Included with Lifetime
$97 forever

StatsD metric instrumentation: push metrics over UDP, choose the right metric type, name consistently. Invoke whenever task involves any interaction with StatsD metrics — emitting counters, gauges, timers, histograms, sets, or distributions; configuring DogStatsD tags; tuning sampling rates; or integrating with Graphite, Prometheus, or Telegraf backends.

Productivity

What this skill does


# StatsD

Choose the right metric type, name it with dot-delimited hierarchy, tag dimensions instead of encoding them in names.
StatsD is fire-and-forget: UDP means zero latency impact, but wrong metric types or bad naming corrupt your data
silently.

## References

- **Metric types** — [`${CLAUDE_SKILL_DIR}/references/metric-types.md`]: Wire format details, type comparison, sampling
  correction
- **Naming** — [`${CLAUDE_SKILL_DIR}/references/naming.md`]: Graphite namespace mapping, character rules, naming
  examples
- **DogStatsD** — [`${CLAUDE_SKILL_DIR}/references/dogstatsd.md`]: Events format, service checks, protocol versions,
  distributions vs histograms
- **Aggregation** — [`${CLAUDE_SKILL_DIR}/references/aggregation.md`]: Flush mechanics, Graphite downsampling, DogStatsD
  aggregation, timestamps
- **Client patterns** — [`${CLAUDE_SKILL_DIR}/references/client-patterns.md`]: High-throughput tuning, error handling,
  K8s deployment, UDS configuration
- **Backends** — [`${CLAUDE_SKILL_DIR}/references/backends.md`]: statsd_exporter config, Telegraf setup, migration
  guides

## Metric Types

Wire format: `<metric_name>:<value>|<type>[|@<sample_rate>][|#<tags>]`

### Decision Matrix

| Question                              | Type                               |
| ------------------------------------- | ---------------------------------- |
| How many times did X happen?          | Counter (`c`)                      |
| What is X right now?                  | Gauge (`g`)                        |
| How long did X take?                  | Timer (`ms`)                       |
| What is the distribution of X?        | Histogram (`h`)                    |
| How many unique X occurred?           | Set (`s`)                          |
| What is the global distribution of X? | Distribution (`d`, DogStatsD only) |

Wrong metric type = wrong math at the server. A gauge used as a counter loses data between flushes; a counter used as a
gauge produces meaningless rates.

### Counter (`|c`)

Measures rate of events over time.
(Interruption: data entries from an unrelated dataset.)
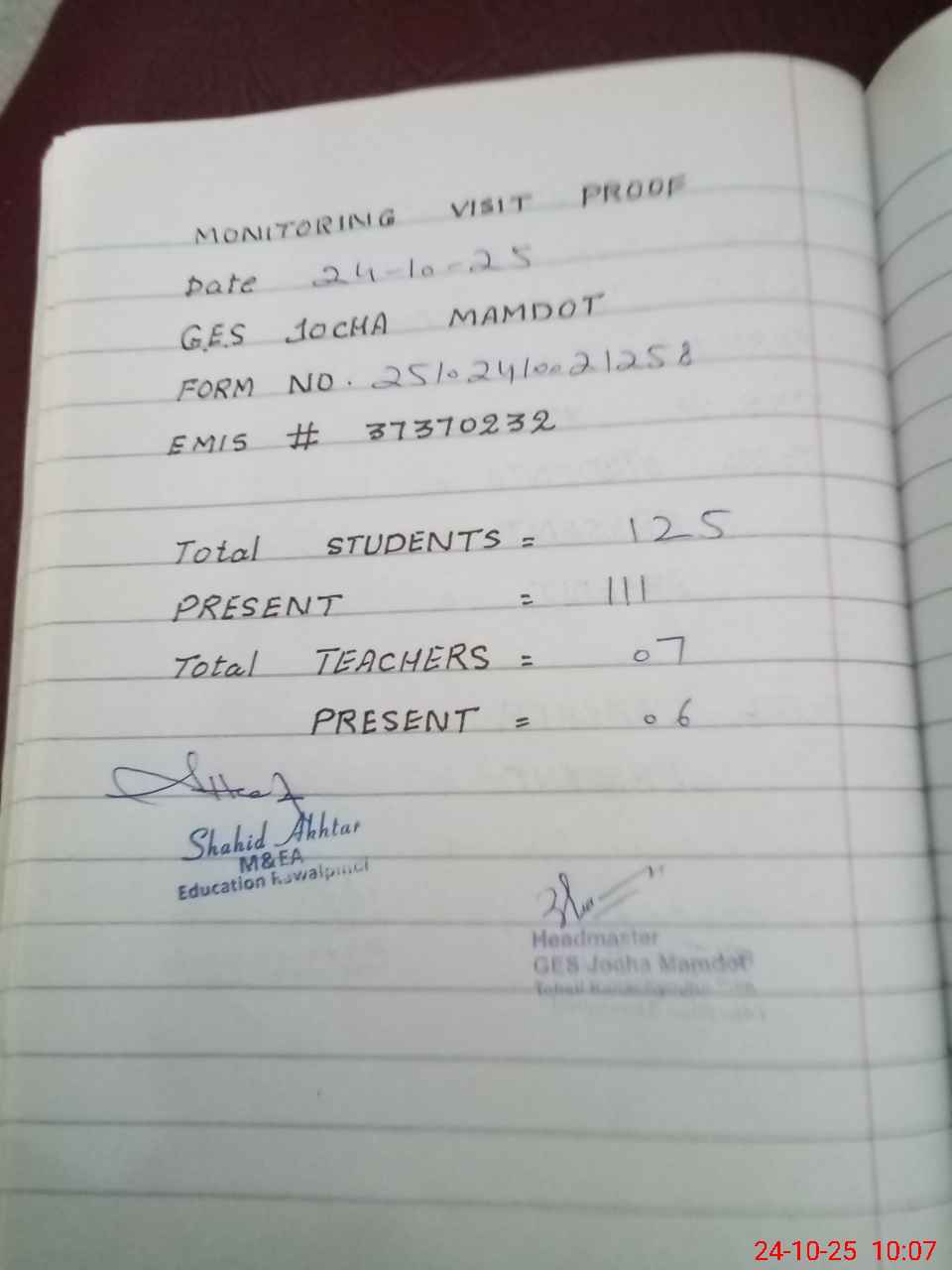 | EMIS Code: 37370232 | Name of School: GES JOCHA MAMDOT | |||
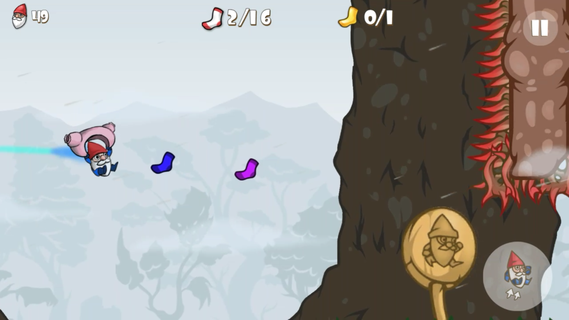 コース上には色とりどりの靴下が配置されているので、ジャンプと滑空を駆使して回収していきましょう。また、各ステージには靴下の獲得数にノルマがあり、その数以上の靴下を回収しないとクリアはできないので注意。
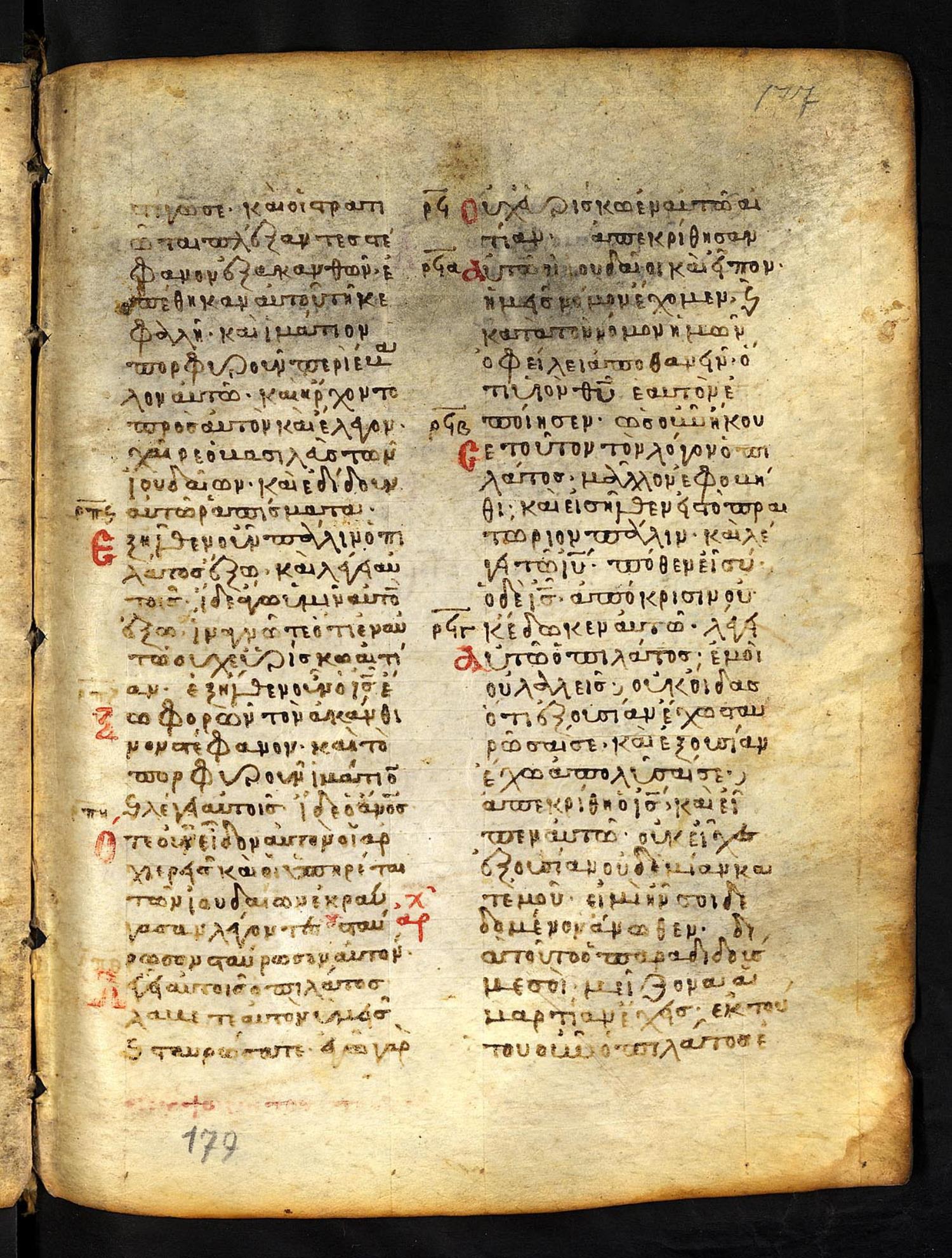Thirteenth-century (c. 1200) manuscript of the Gospels on parchment; 197 leaves, 2 columns, 25 lines per column. These images are made available by the holding institution according to Creative Commons licensing. For recent digital images, visit Manuscriptorium online.

Server sums all values during flush interval, resets to 0 after flush, reports both
raw count and per-second rate.

- Use for: request counts, error counts, event occurrences (cache hits, logins)
- Sample rate correction: value multiplied by `1/rate`
- Supports sampling (`|@<rate>`)

### Gauge (`|g`)

Instantaneous value at a point in time. Server stores last value received, retains between flushes (sticky).
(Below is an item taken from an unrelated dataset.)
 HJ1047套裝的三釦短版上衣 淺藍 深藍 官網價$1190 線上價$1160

- Use for: queue depth, active connections, memory/CPU usage, thread pool size
- Signed values (`+N`, `-N`) modify current value incrementally
- Cannot set to a negative number directly — set to 0 first, then decrement
- **Do not sample gauges** — server cannot correct for sampling on point-in-time values

### Timer (`|ms`)

Duration of an operation in milliseconds. Server computes per flush interval: count, mean, upper (max), lower (min),
sum, stddev, median, configurable percentiles (p90, p95, p99).

- Use for: HTTP request latency, DB query duration, function execution time
- Supports sampling (`|@<rate>`)

### Histogram (`|h`)

Distribution of values over time. Identical to timer in most implementations. DogStatsD treats histograms as the native
distribution type.

- Use for: request payload sizes, response body sizes, batch sizes
- Conceptually: timers measure duration, histograms measure arbitrary distributions

### Set (`|s`)

Count of unique values per flush interval. Server tracks distinct values, reports cardinality at flush, resets.
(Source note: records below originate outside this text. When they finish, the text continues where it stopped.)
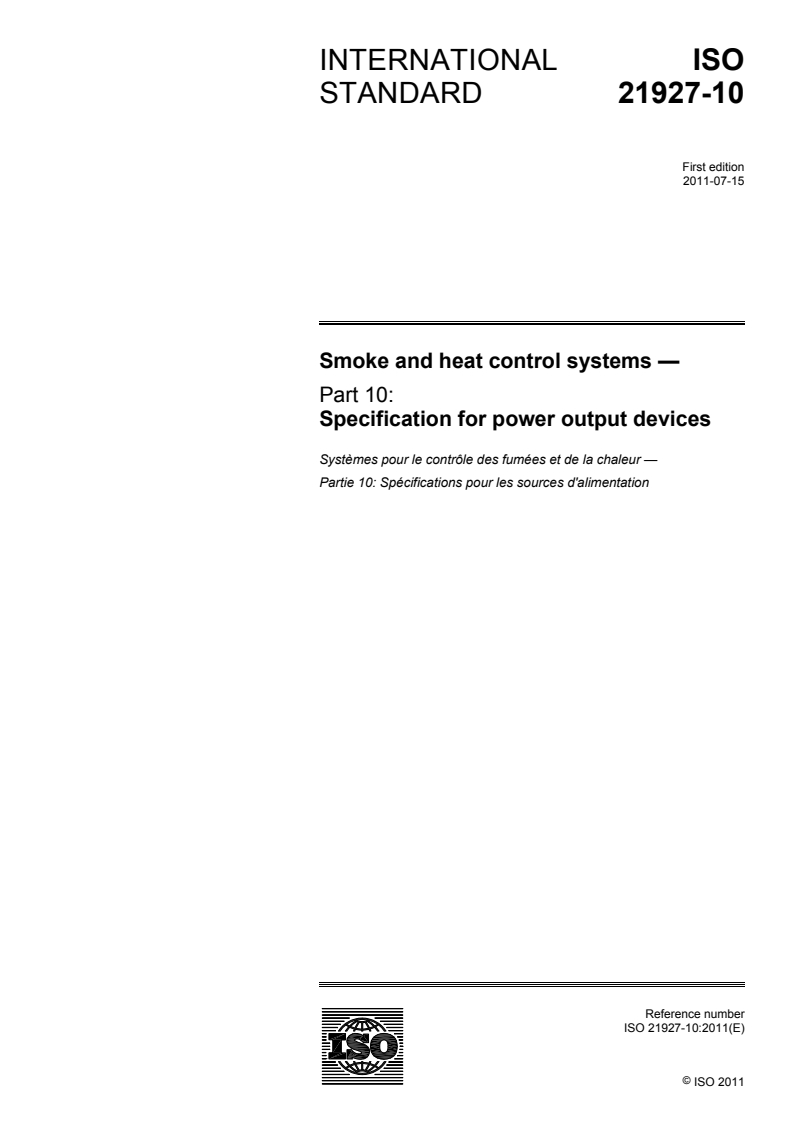 ISO 21927-10:2011 specifies requirements and gives test methods for primary and secondary electrical and pneumatic power output devices, designed for use in smoke and heat control systems in buildings. A summary of functions is given.
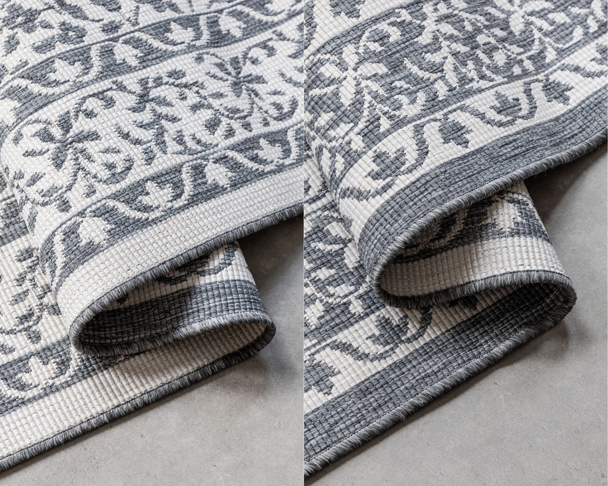 Gemini tæppet er en sand multikunstner. Det er lige så velegnet til at skabe hygge i stuen som til at pifte din terrasse eller altan op. Den fladvævede konstruktion gør det robust, smudsafvisende og vejrbestandigt, perfekt til udendørs brug. Tæppet er desuden vendbart, så du får to forskellige farvenuancer i ét tæppe, hvilket giver dig ekstra fleksibilitet i din indretning. Det er også egnet til gulvvarme, så du kan nyde komforten året rundt. Den slidstærke polypropylen bagside sikrer stabilitet og forlænger tæppets levetid.
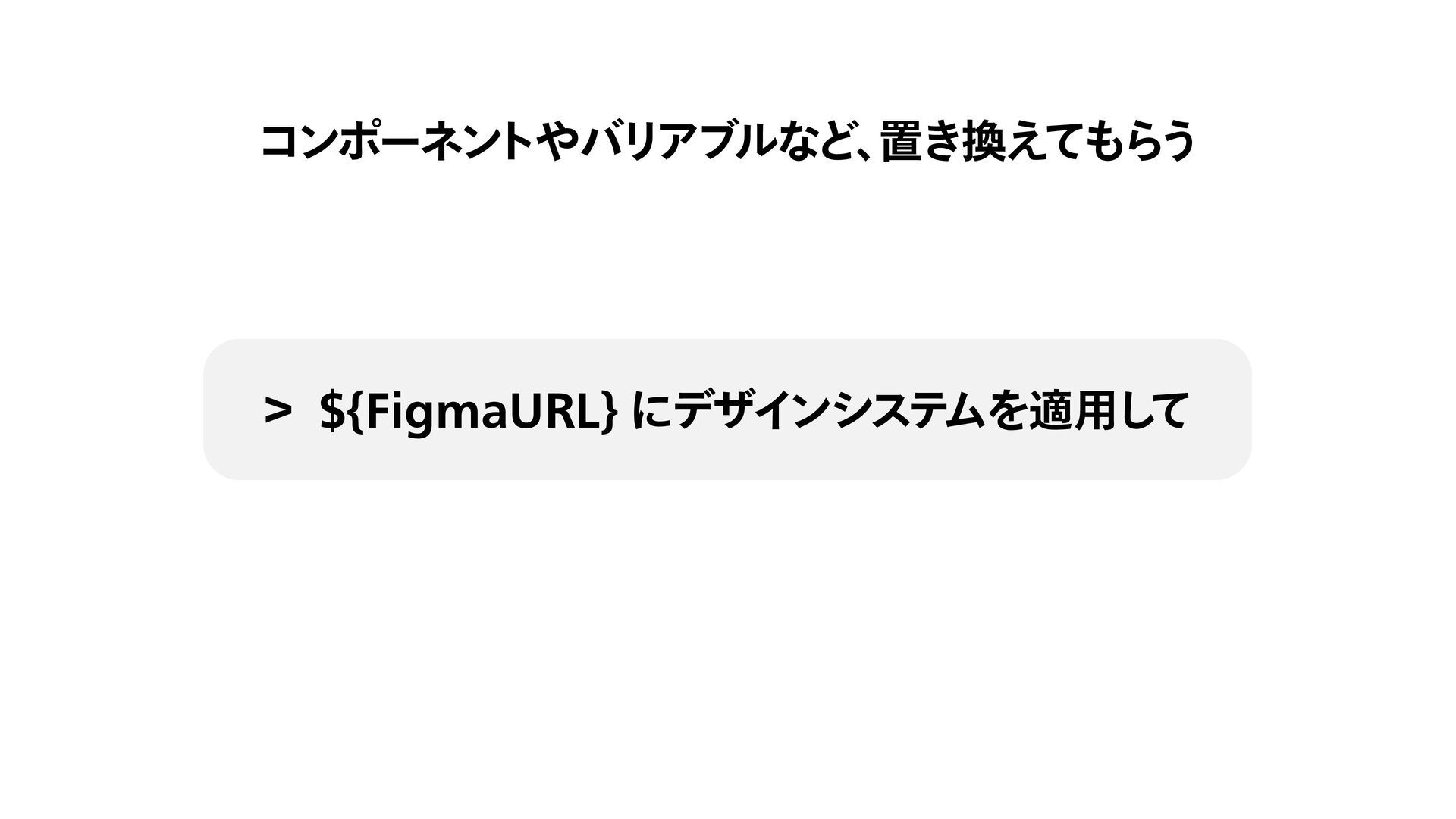 コンポーネントやバリアブルなど、 置き換えてもらう > ${FigmaURL} にデザインシステムを適用して

- Use for: unique users, unique IPs, unique error codes per interval
- **Do not sample sets** — sampling breaks uniqueness tracking

### Distribution (`|d`) — DogStatsD Only

Global distribution across all hosts. Raw values sent to Datadog servers (not aggregated locally). Use when you need
accurate fleet-wide percentiles.

See `${CLAUDE_SKILL_DIR}/references/dogstatsd.md` for distributions vs histograms comparison and protocol version
details.

## Naming

Format: `<namespace>.<subsystem>.<target>.<metric>.<unit>`

Example: `myapp.api.request.duration.ms`, `myapp.cache.hit.count.total`

### Naming Rules

- Always namespace by service name — `myapp.api.requests` not just `requests`
- Use dot-delimited hierarchy
- Include the unit: `.ms`, `.bytes`, `.total`, `.items`
- Dimensions go in tags, not metric names (when tags are available)
- Use lowercase everywhere — some backends are case-sensitive
- Use underscores within path segments: `http_request` not `httpRequest`
- No dashes — they break Graphite navigation

See `${CLAUDE_SKILL_DIR}/references/naming.md` for Graphite namespace mapping, character rules table, and naming
anti-patterns.

## Tags (DogStatsD)

Format: `metric.name:1|c|#key1:value1,key2:value2` — comma-separated, no spaces.

### Tag Rules

- Use tags for dimensions you will filter or group by — not metric names
- Keep cardinality bounded — each unique tag combination creates a separate time series
- No spaces in tag values — use underscores: `region:us_east`

### Unified Service Tagging

Set these as global/constant tags on the client — attach to every metric automatically:

- **`env`** — Deployment environment (`env:production`)
- **`service`** — Service name (`service:payment-api`)
- **`version`** — Deployed version (`version:2.1.0`)

### Tag Cardinality

Rule of thumb: if a tag can have >1000 distinct values, do not use it. Use logs or traces for high-cardinality data.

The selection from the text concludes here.